## INPUT DATA
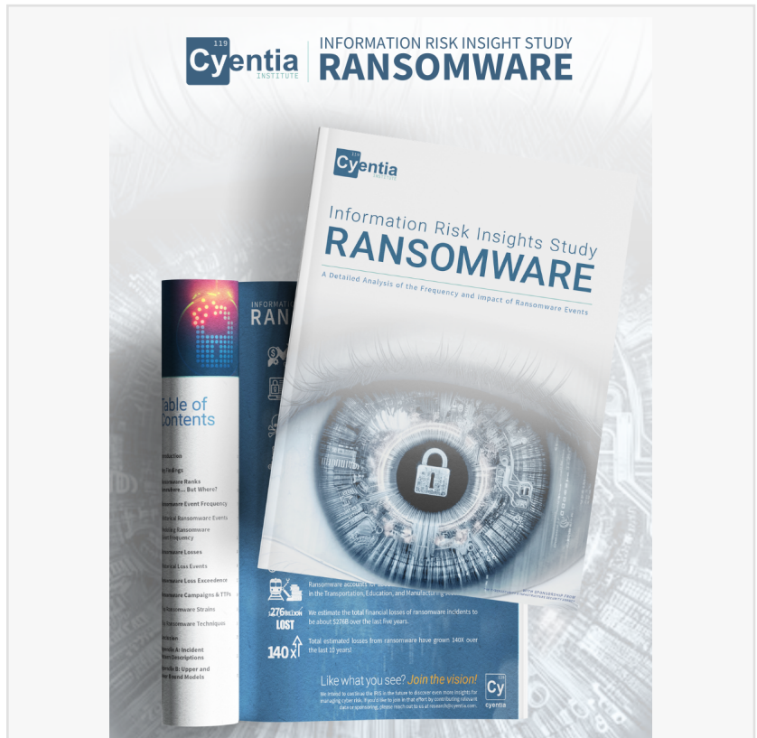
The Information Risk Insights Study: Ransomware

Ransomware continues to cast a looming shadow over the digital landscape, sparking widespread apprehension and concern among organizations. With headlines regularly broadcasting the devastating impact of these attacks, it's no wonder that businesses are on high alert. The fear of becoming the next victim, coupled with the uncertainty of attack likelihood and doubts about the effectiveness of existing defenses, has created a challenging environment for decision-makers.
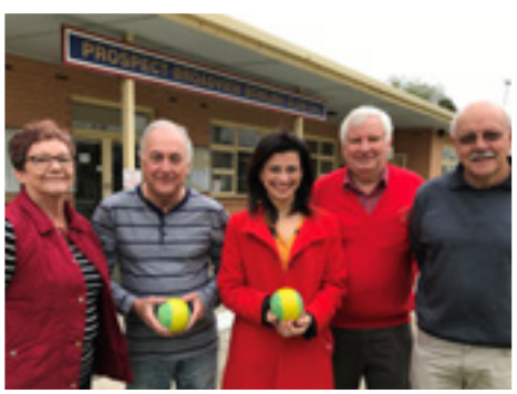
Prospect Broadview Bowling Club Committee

## INSTRUCTIONS FOR THE TASK
An exact, picture-free copy of the listing above is the goal; write it out now.

## EXERCISE ANSWER
The Information Risk Insights Study: Ransomware

Ransomware continues to cast a looming shadow over the digital landscape, sparking widespread apprehension and concern among organizations. With headlines regularly broadcasting the devastating impact of these attacks, it's no wonder that businesses are on high alert. The fear of becoming the next victim, coupled with the uncertainty of attack likelihood and doubts about the effectiveness of existing defenses, has created a challenging environment for decision-makers.
Prospect Broadview Bowling Club Committee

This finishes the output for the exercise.